This pattern — output works, AT command input is dead — strongly
suggests a state-machine / buffer issue specifically in the AT command
parser, not a chip-wide failure. Soft recovery (port close+reopen,
AT+RESET, ATZ) does not work; only NRST pulse / RESET button / USB
power cycle clears it.
What we’ve ruled out
- Pi/host side: independent Python AT probes (separate process, same
UART) also see no response. ModemManager masked.lsofconfirms only
one process on the device. - Dual-AT contention: putting USB UART in
RAK_CUSTOM_MODEto take
it out of the CLI dispatcher does not fix the wedge. Bug occurs even
with single AT-mode UART. - TX rate: wedges occur at sub-1 Hz rates (one TX every 14s).

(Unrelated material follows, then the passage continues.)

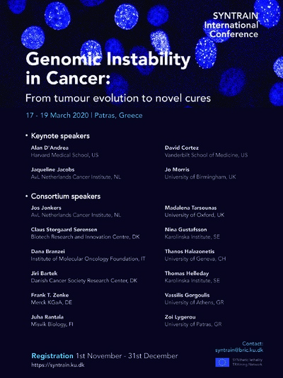 Στο μεταξύ το Διεθνές Συνέδριο με τίτλο: Γονιδιωματική Αστάθεια στον Καρκίνο: από την εξέλιξη του καρκίνου σε νέες θεραπείες», το οποίο διοργανώνεται από το ευρωπαϊκό δίκτυο SYNTRAIN θα πραγματοποιηθεί στα μέσα Μαρτίου και πιο συγκεκριμένα, από τις 17 έως 19 Μαρτίου 2020 στο Συνεδριακό και Πολιτιστικό Κέντρο του Πανεπιστημίου Πατρών στο Ρίο. Τα μέλη και οι φοιτητές του Πανεπιστημίου Πατρών μπορούν να συμμετάσχουν ενεργά στο συνέδριο, αναδεικνύοντας τις σχετικές δραστηριότητες του Πανεπιστημίου Πατρών. Για να διευκολυνθεί η συμμετοχή Ελλήνων επιστημόνων, δημιουργήθηκε ειδική κατηγορία Local κατά την εγγραφή, που δίνει τη δυνατότητα ελεύθερης πρόσβασης στο επιστημονικό μέρος του συνεδρίου.
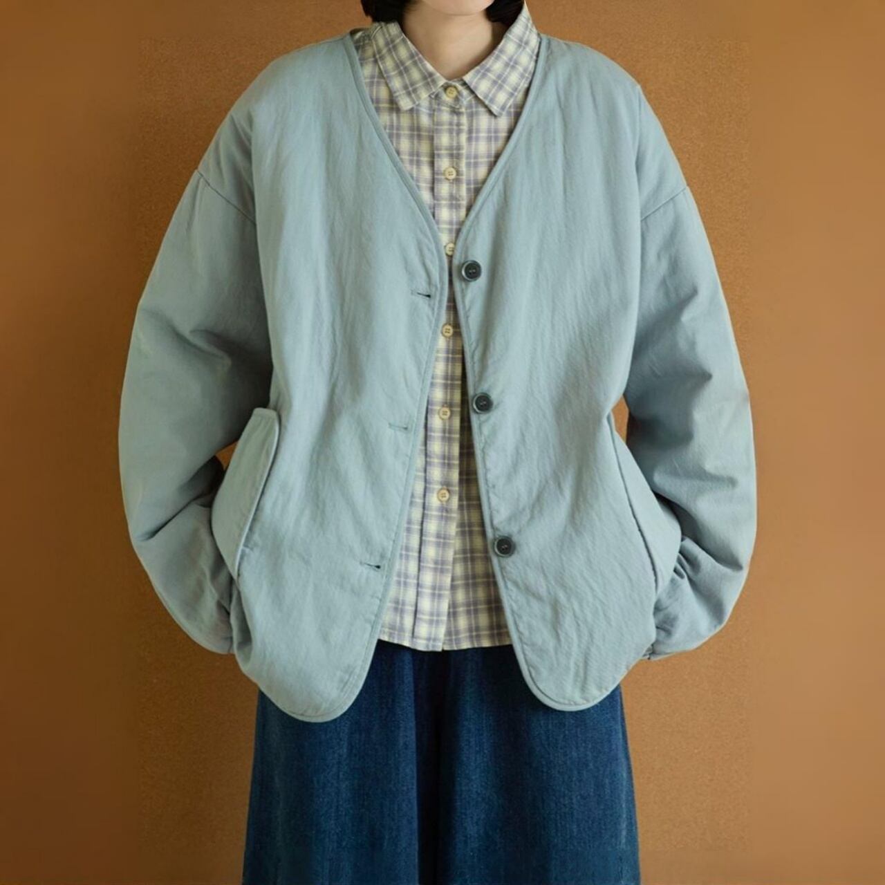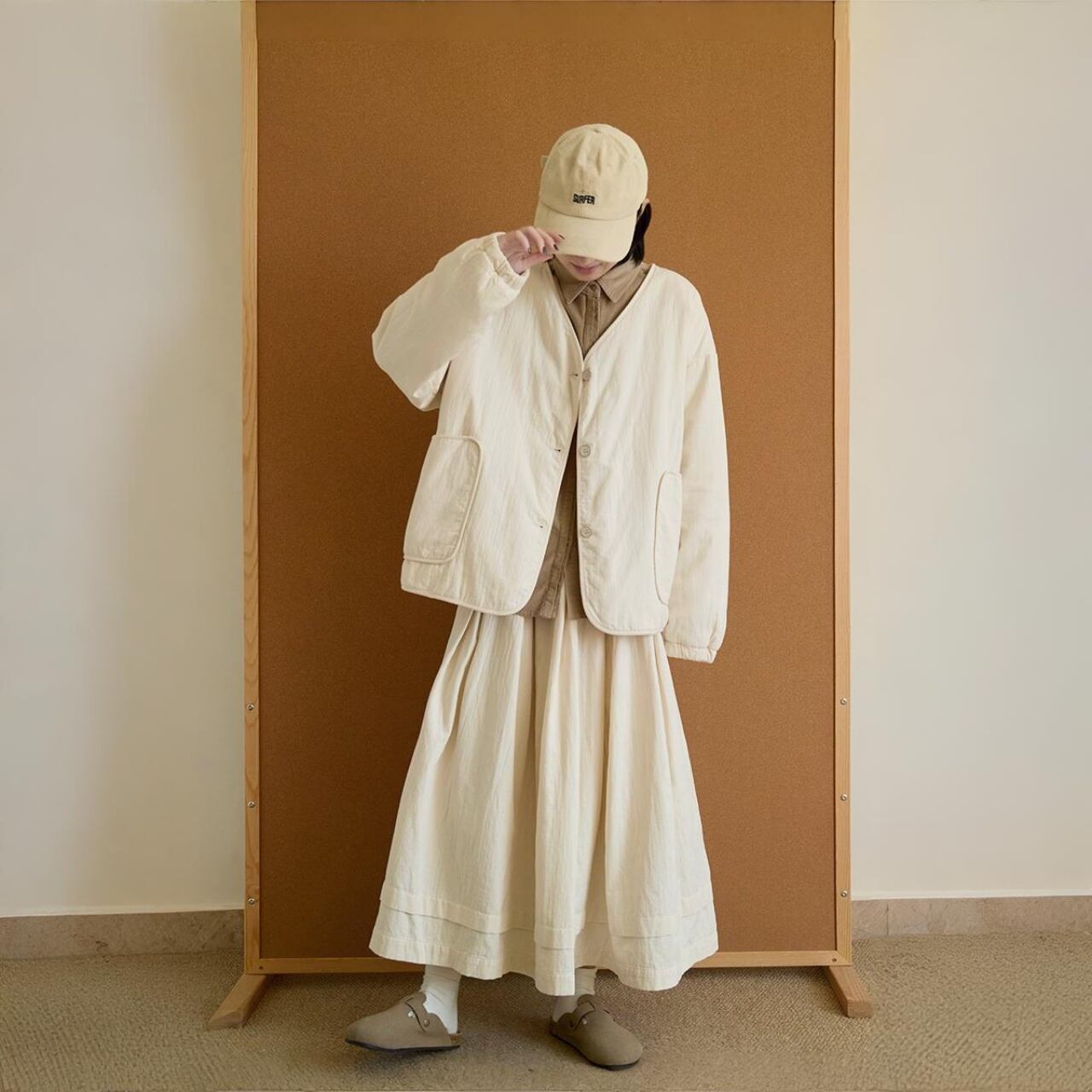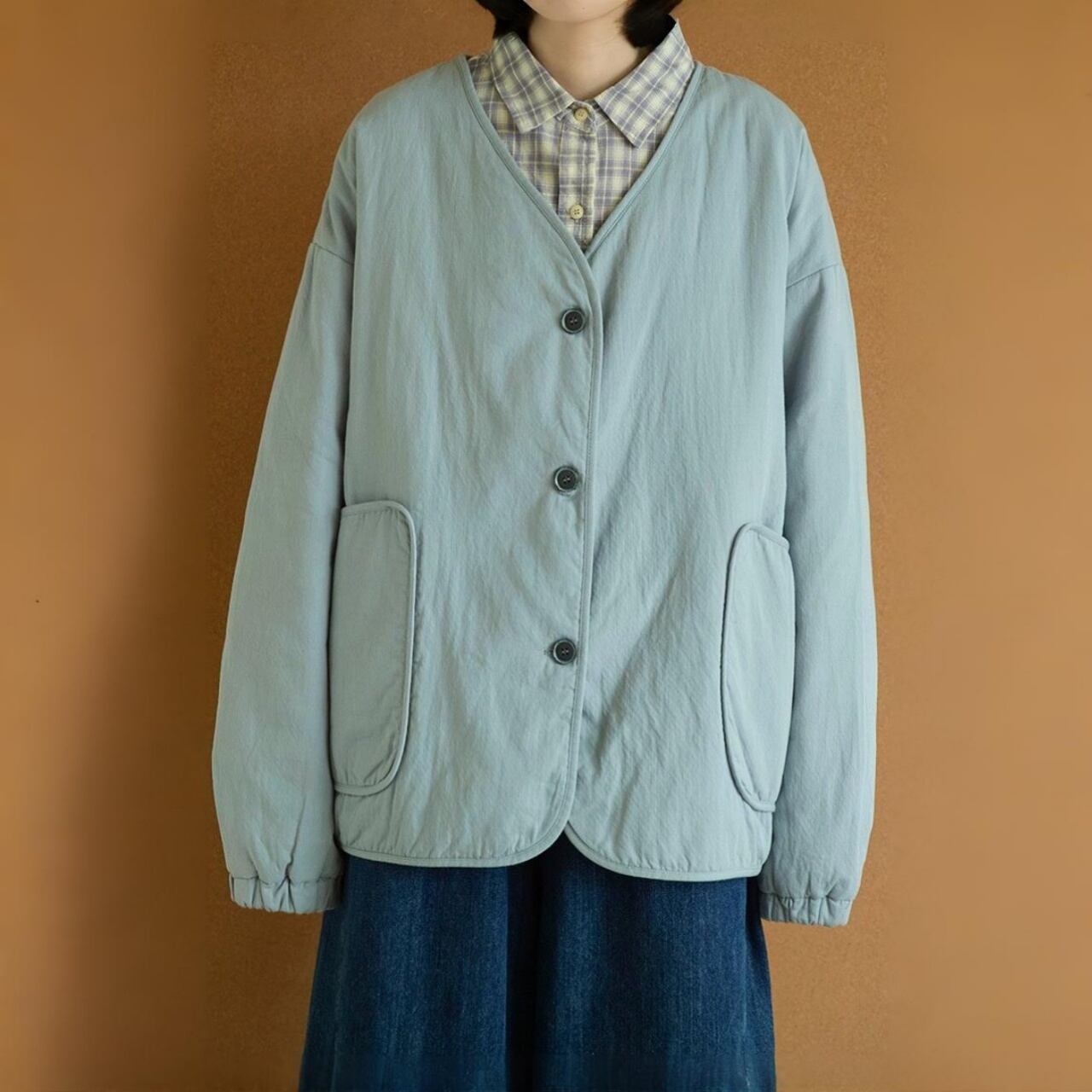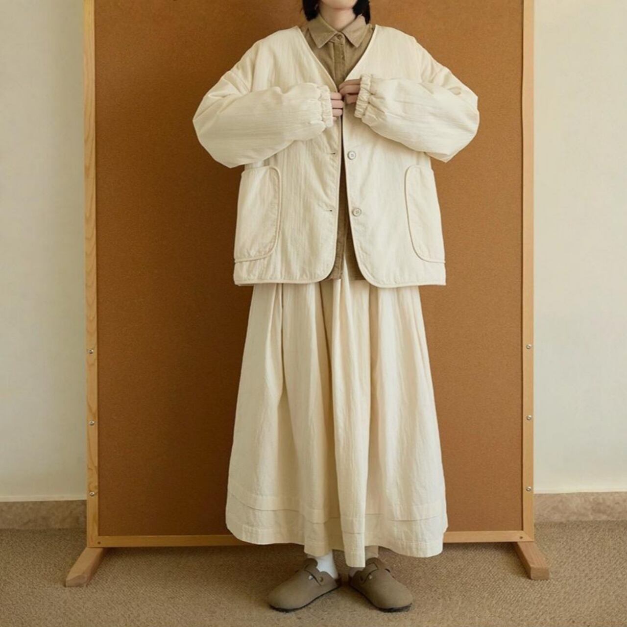 ノーカラーVネックビッグポケットパデットブルゾン A01897

Slowing to 30s+ doesn’t eliminate it. - Specific module: swapped modules between hosts; bug follows the
firmware, not the silicon.
The discriminator: which UART carries AT
| AT carried on | 4-hour soak result |
|---|---|
| USART2 (PA2/PA3) | 0 wedges |
| UART1 (PB6/PB7) | 1,179 wedges, ~6/min steady-state |
This may point to a UART1-specific code path in the RUI CLI dispatcher
or serial driver. Pattern across runs: 0 to ~40 minute warmup window,
then steady-state ~6 wedges/min until reset.
Operational impact
Real two-node mesh, 4-hour run, 329 application messages originated:
- 50 ACKs received from peer
- 52 messages delivered to peer’s app layer
- ~84% loss rate even with retry/backoff/5-failure circuit breaker
Reproducer
Standalone Python script (~12 KB, requires pyserial only). Triggers
the wedge reliably and writes /tmp/rak-wedge-<ts>.jsonl with every
AT command + response + latency, plus a summary of the last 200
commands before the wedge. Happy to share — let me know best way.
Asks
- Is this a known issue in your tracker? Commit/release it might be
fixed in? - Any soft-recovery workaround we’ve missed?
- Does the UART1 vs USART2 split match anything you’d expect from the
driver code?
We can provide additional logs, the reproducer script, soak run data,
or test patched firmware if helpful.
Thanks!